* **Extracted data**:
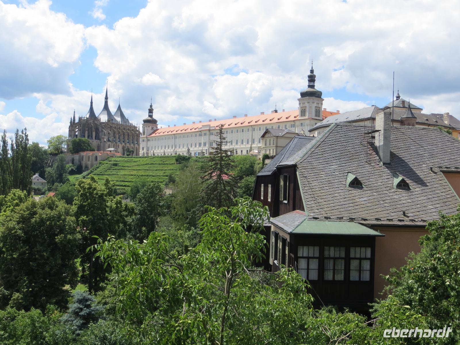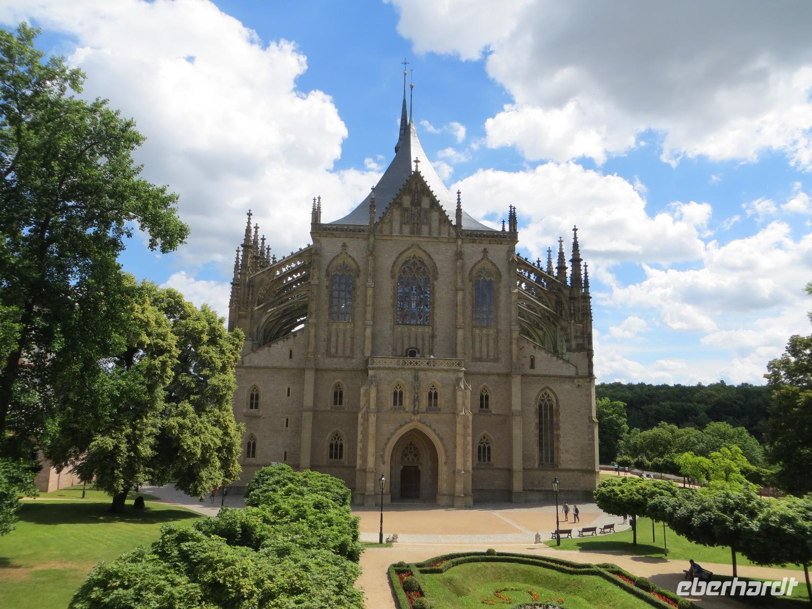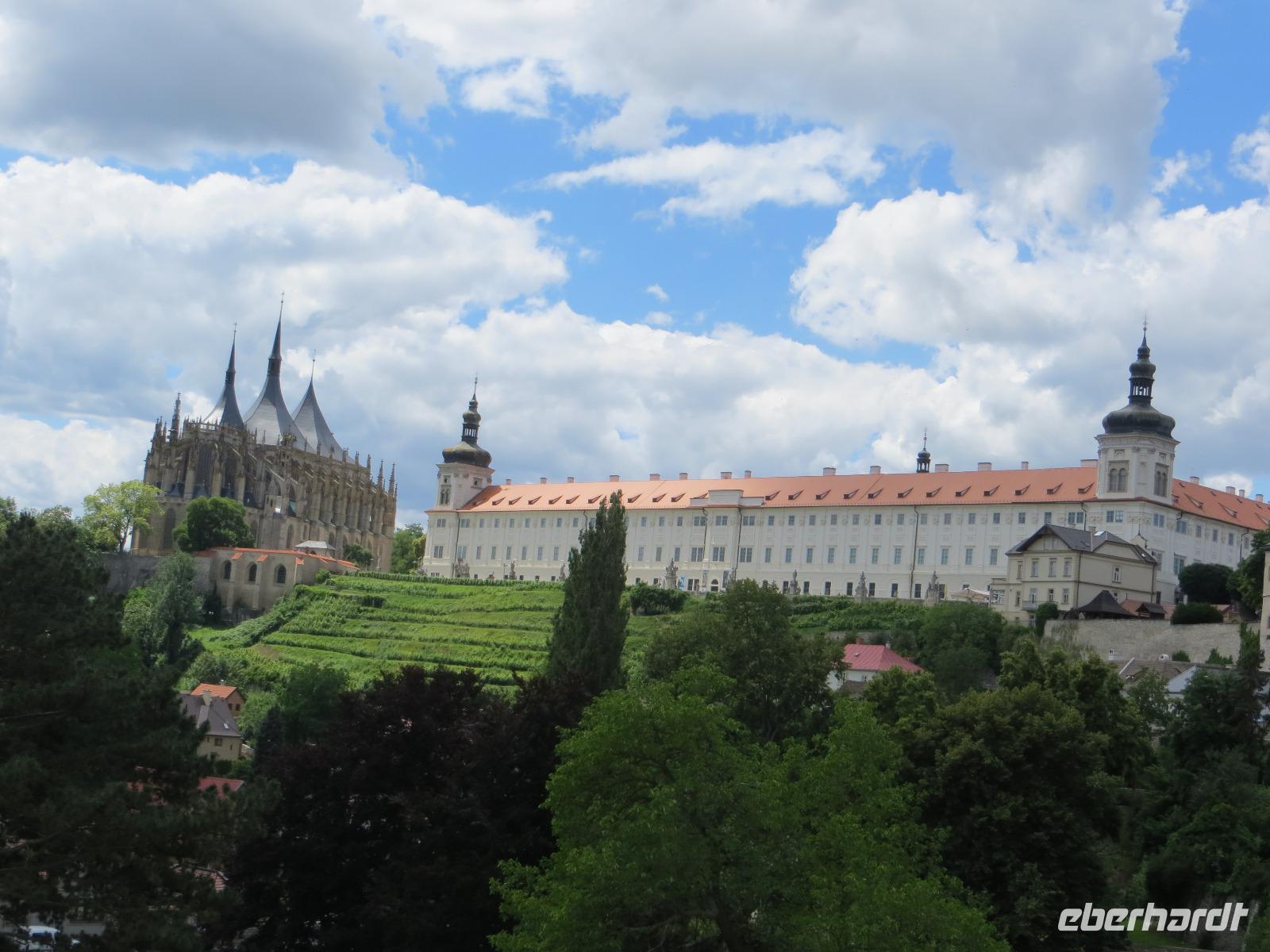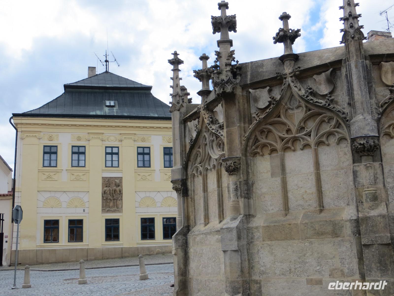 Dann schloss man uns St. Bartholomäus auf, eine gotische Kirche, die stark vom Stararchitekten seiner Zeit Petr Parler geprägt wurde. Zur Mittagszeit trafen wir in Kuttenberg ein und erkundeten das Örtchen an der Kathedrale St. Barbara - auch von Jan und Petr Parler - beginnend. Die Netzkonstruktion des riesigen Kirchenschiffs ist beeindruckend. Das riesige Jesuitenkolleg auf dem Weinberg ist frisch rekonstruiert und strahlte uns beim Weg über die Terrasse - als Weg vom Kolleg zur Kirche einst entstanden - entgegen. Aufgeräumte Gässchen mit zahlreichen Kneipen machten den Bummel und eine Rast im Örtchen Kutna Hora sehr angenehm. Wunderhübsch auch der Welsche Hof, die einstige Münze, und die rekonstruierte Kirche St. Jakobus.
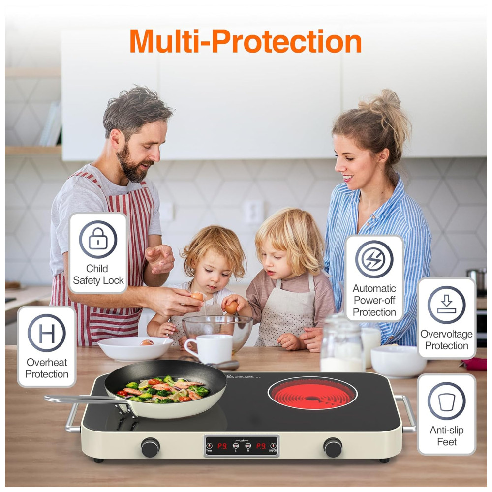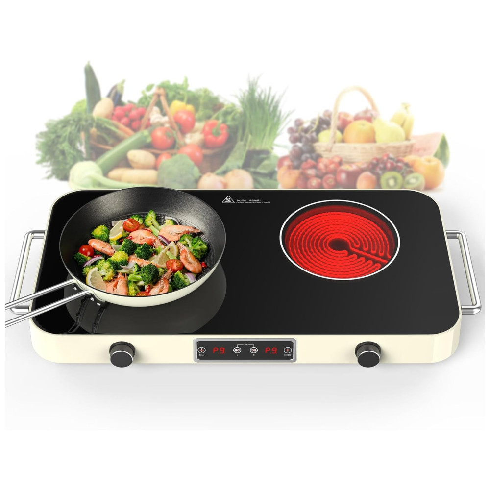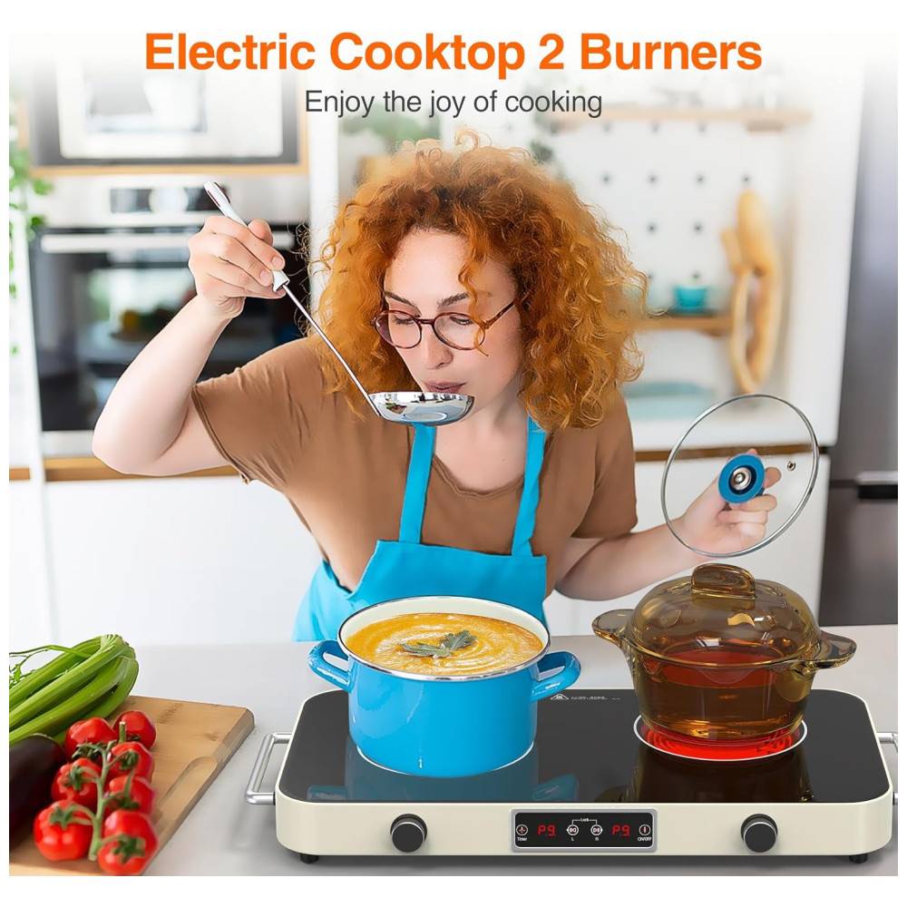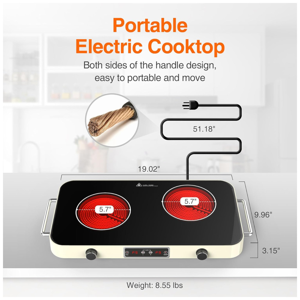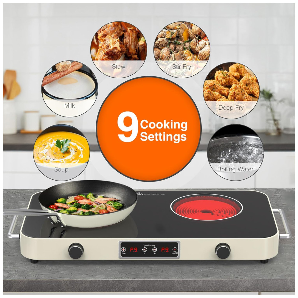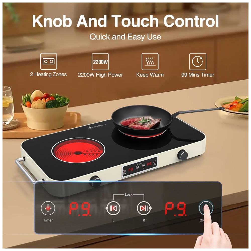 O cooktop elétrico duplo GIHETKUT Knob oferece duas áreas de aquecimento independentes, permitindo preparar diferentes alimentos ao mesmo tempo. Com potência total de 2200W (1100W por queimador) e 9 níveis de potência, você pode ajustar a intensidade para refogar, fritar, ferver, cozinhar no vapor e assar, atendendo a uma variedade de necessidades culinárias.
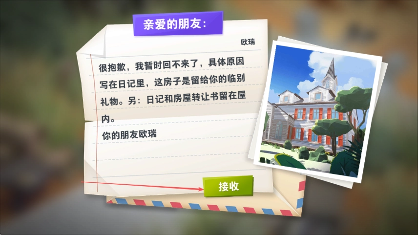 1. 进入游戏后,看到朋友欧瑞的信件,点击接收按钮,从而获取房屋。
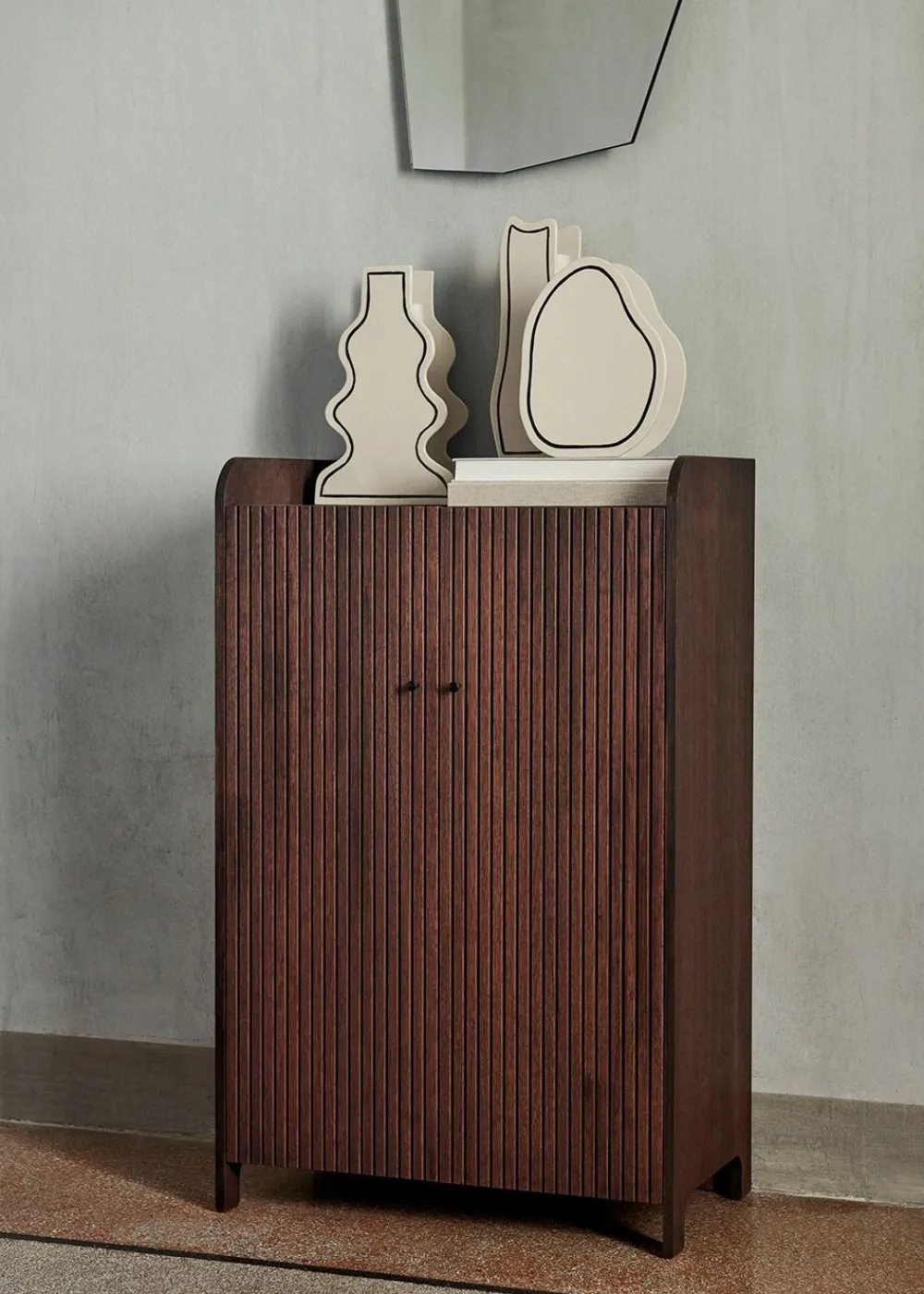 Der Sill Cupboard von zeichnet sich durch seine abgerundeten Details, wie die gerillten Türen und die weichen Kanten, aus. Der Schrank bietet reichlich Stauraum, ob im Wohnzimmer, im Bad oder im Flur, wo die Schrankoberseite hohe Kanten hat, die es Ihnen ermöglichen, Ihre liebsten Dekoartikel zu präsentieren.
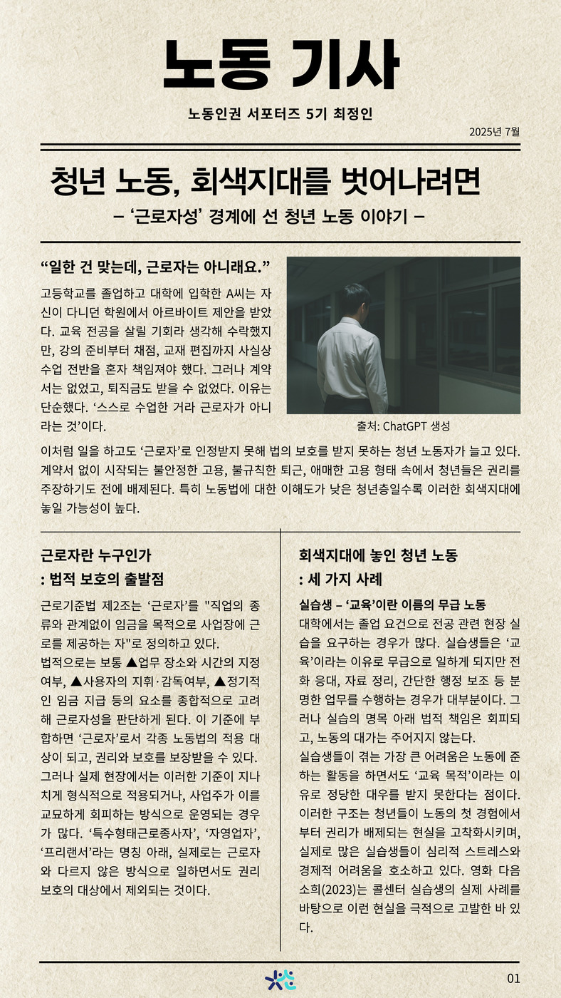 [노동인권 서포터즈 5기][기획기사] 청년 노동, 회색지대를 벗어나려면

* **Your objective**:
The finished copy should match the data above word for word and contain no pictures.

* **Final answer**:
 Dann schloss man uns St. Bartholomäus auf, eine gotische Kirche, die stark vom Stararchitekten seiner Zeit Petr Parler geprägt wurde. Zur Mittagszeit trafen wir in Kuttenberg ein und erkundeten das Örtchen an der Kathedrale St. Barbara - auch von Jan und Petr Parler - beginnend. Die Netzkonstruktion des riesigen Kirchenschiffs ist beeindruckend. Das riesige Jesuitenkolleg auf dem Weinberg ist frisch rekonstruiert und strahlte uns beim Weg über die Terrasse - als Weg vom Kolleg zur Kirche einst entstanden - entgegen. Aufgeräumte Gässchen mit zahlreichen Kneipen machten den Bummel und eine Rast im Örtchen Kutna Hora sehr angenehm. Wunderhübsch auch der Welsche Hof, die einstige Münze, und die rekonstruierte Kirche St. Jakobus.
 O cooktop elétrico duplo GIHETKUT Knob oferece duas áreas de aquecimento independentes, permitindo preparar diferentes alimentos ao mesmo tempo. Com potência total de 2200W (1100W por queimador) e 9 níveis de potência, você pode ajustar a intensidade para refogar, fritar, ferver, cozinhar no vapor e assar, atendendo a uma variedade de necessidades culinárias.
 1. 进入游戏后,看到朋友欧瑞的信件,点击接收按钮,从而获取房屋。
 Der Sill Cupboard von zeichnet sich durch seine abgerundeten Details, wie die gerillten Türen und die weichen Kanten, aus. Der Schrank bietet reichlich Stauraum, ob im Wohnzimmer, im Bad oder im Flur, wo die Schrankoberseite hohe Kanten hat, die es Ihnen ermöglichen, Ihre liebsten Dekoartikel zu präsentieren.
 [노동인권 서포터즈 5기][기획기사] 청년 노동, 회색지대를 벗어나려면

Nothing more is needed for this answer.